COVID-19 update – January 20, 2021. (PMO)

Barbadians have been assured that proper procedures are in place at the Queen Elizabeth Hospital (QEH) to protect the health and safety of staff and patients amid the COVID-19 pandemic.

This was conveyed today by Director of Medical Services at the QEH, Dr. Clyde Cave, while speaking at a press conference at Ilaro Court. 

He noted that the institution, like the community, faced challenges, perhaps more so, given that it was likely ill patients would present to the hospital.

Adding that just as the public had to presume that everyone may be a carrier of COVID-19, he stressed: “We have to have practices in place to protect the staff and other patients at the hospital while we provide the best medical care for the individual patient.”

Outlining some of the procedures that are in place at the hospital, the Director said: “The first thing we ask is that you call ahead to our help desk 536-4800 that is staffed by professionals, doctors and experienced nurses, who can provide first aid and direct you as to the course. It may be best not to actually come to the hospital at that time. And there may be other things that you’re advised to do.”

He further noted that on arrival at the Accident & Emergency Department, the first stop would be the tent outside where a triage is performed.  

“That is a procedure where we assess the state of the patient’s health, but also their relative risk for COVID.  This is first, in the form of a questionnaire, and we ask the public please to be honest and forthcoming with all the answers to the questionnaire. This is for your own safety, but also for the safety of other patients in Accident & Emergency at the time, and also for our staff.”

According to Dr. Cave, on the basis of that triage, patients are directed either to a respiratory area, where respiratory illnesses and other possible COVID-19 cases are looked after in isolation facilities, or in Accident and Emergency, where there are also precautions in place to prevent COVID-19 transmission, though not as rigorous as in the respiratory area.

The Queen Elizabeth Hospital. (FP)

“Once you’ve been assessed and seen by the doctor, the decision then will be to have a COVID screening test or not,” he said.

While acknowledging that there may be some delay during the time the QEH was awaiting the test result, he said, however, it does not hold up the medical care being provided immediately to the patient.  

Adding that once the test comes back, patients are then directed either to the isolation facilities if they’re positive, or admitted to the general hospital, Dr. Cave stressed: “And, in the general hospital, we also have practices and procedures to minimise any kind of spread because like in the community, we have to be always vigilant.”

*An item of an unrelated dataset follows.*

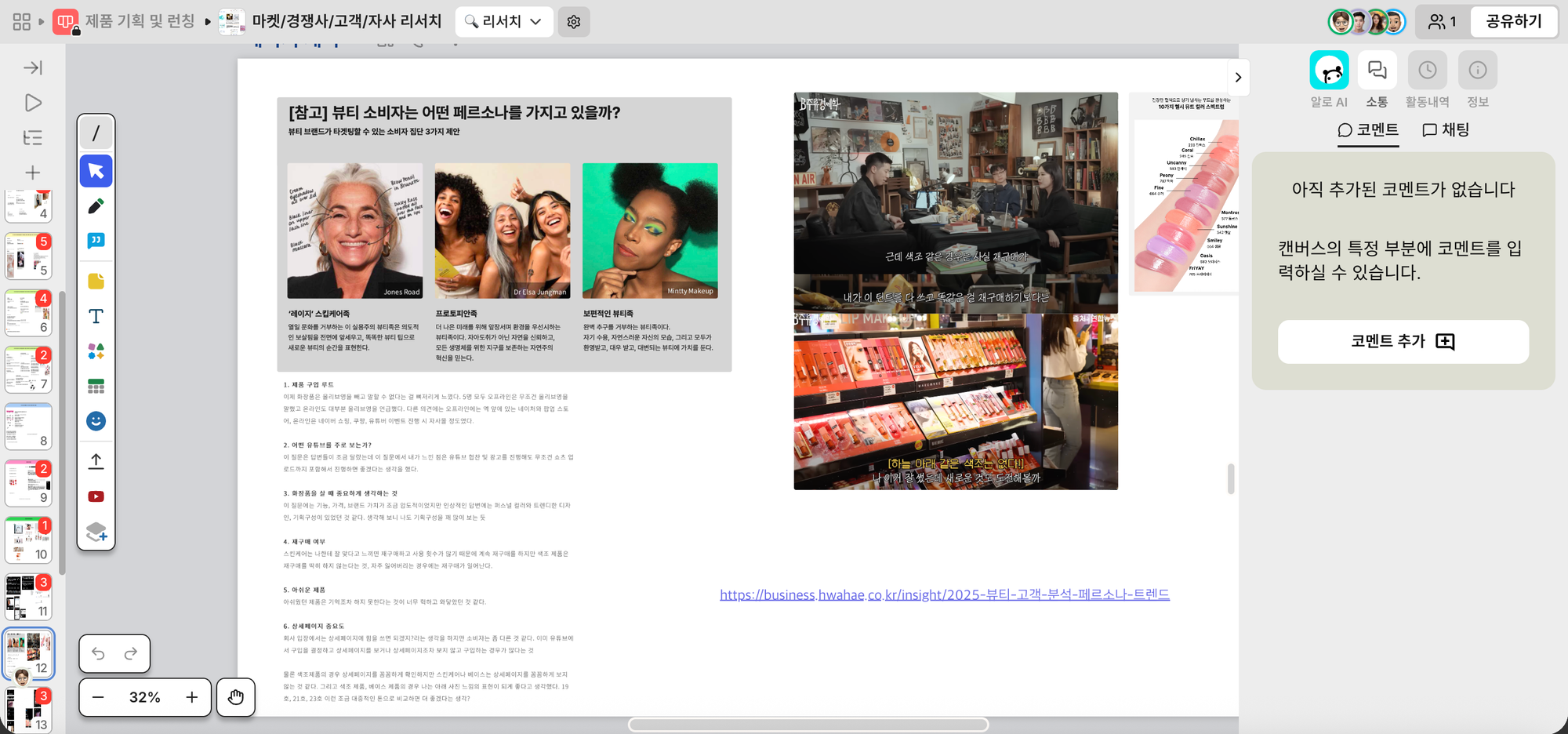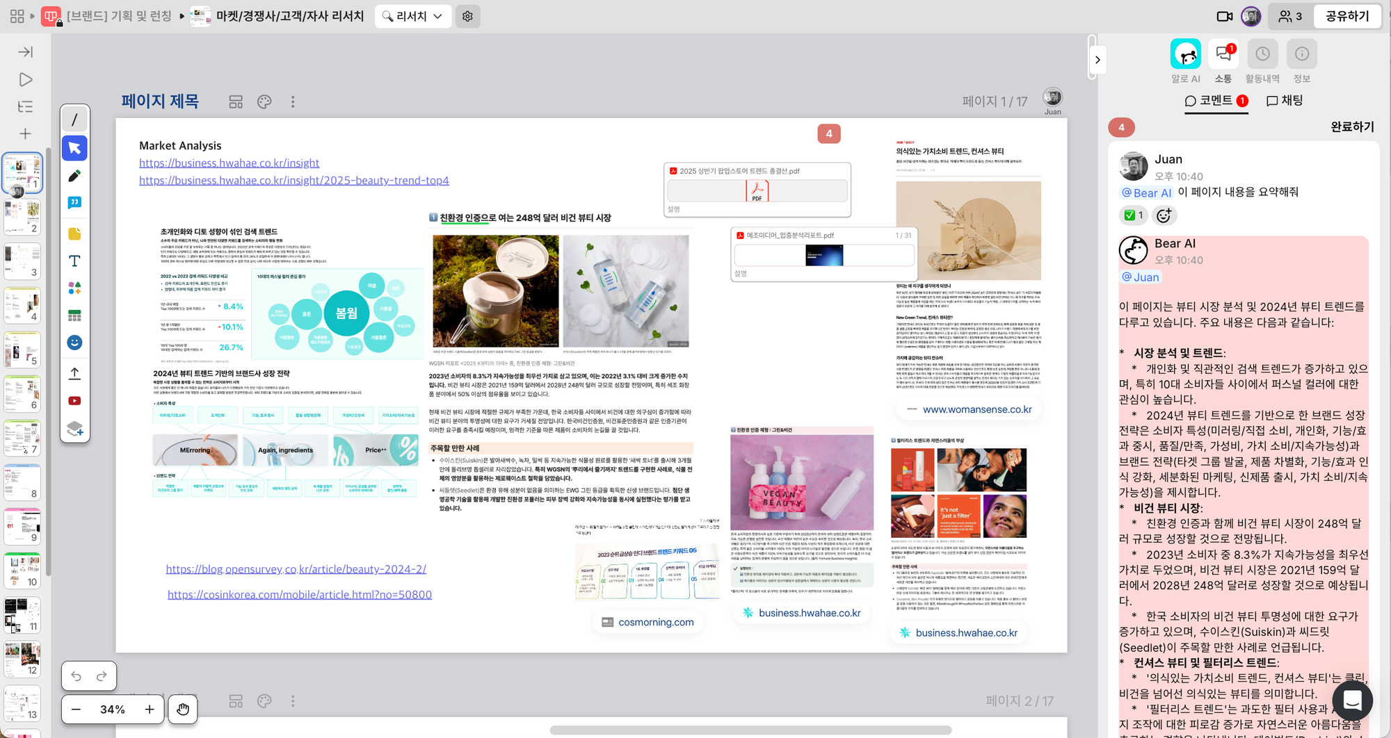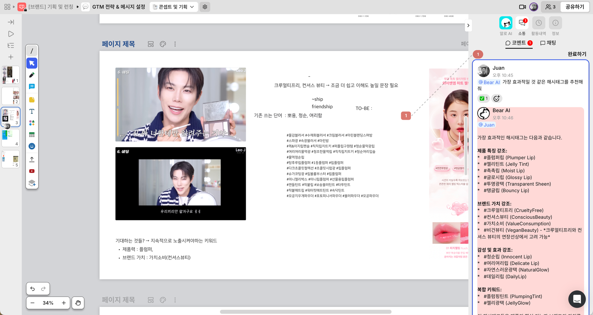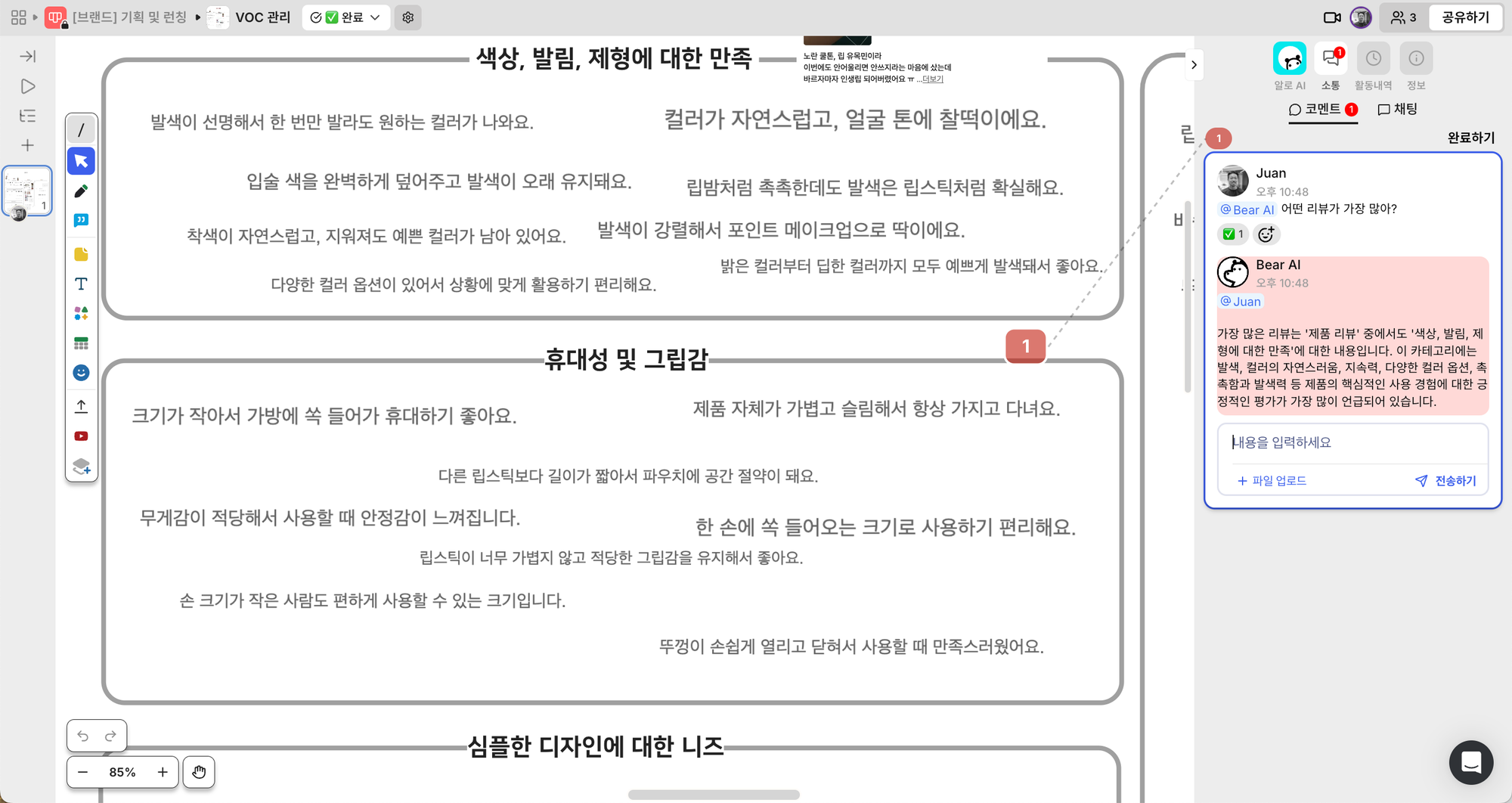 예를 들면, ALLO의 Canvas AI는 브레인스토밍 단계부터 디자이너의 협업 파트너로 활약합니다. 아이디어를 빠르게 구조화하고 다음 스텝을 제안하여 기획 단계의 효율을 높여주죠. 그리고 디자인 시안 단계에서 ALLO는 음성 메모 피드백, 화면 주석, 버전 관리 등을 지원해 모든 피드백이 시각적 맥락과 함께 한 곳에 기록됩니다. 마케터는 슬랙 메시지나 이메일을 보내지 않고도 ALLO 보드 위에 직접 “여기 문구를 좀 더 눈에 띄게 변경 바랍니다”라고 코멘트를 남길 수 있고, 개발자는 “이 부분 로딩 속도 우려됨”이라는 이슈를 코멘트를 이용해 디자이너와 같은 보드에 표시할 수 있습니다. 모든 직군의 피드백이 한 화면에 통합되니 디자이너는 툴을 전환하지 않고도 종합적인 수정 방향을 파악할 수 있습니다.

Meanwhile, responding to a media query on whether a patient could be deemed to have died from something other than COVID, following a post mortem, the top health official maintained he could notcomment on any individual cases, or give any information that could be extrapolated back to those individuals or their families”.

He stressed: “You know, it is an essential tenet of medical care that we maintain confidentiality. Now, there is perhaps a lay confidence in autopsies as finding a definite cause that may not be borne out by the medical practice of autopsies.  We can’t always decide between two or three different factors.

“We would already know in some cases that there are some co-morbidities like diabetes, renal failure, hypertension, whatever. And we would also have recognised that there was COVID as well. Now, what was the actual main factor?  I’m not sure that autopsies can always sort that out. And, I also have to say that internationally and also here in Barbados, in the era of COVID, autopsies are restricted in practice, because the practice of an autopsy can become an aerosolising procedure, depending on what they do.”

Emphasising that legal guidance had to be taken from the coroner where certain conditions apply, Dr. Cave told media representatives that as a general practice one may end up with a list of contributing factors and not a single one.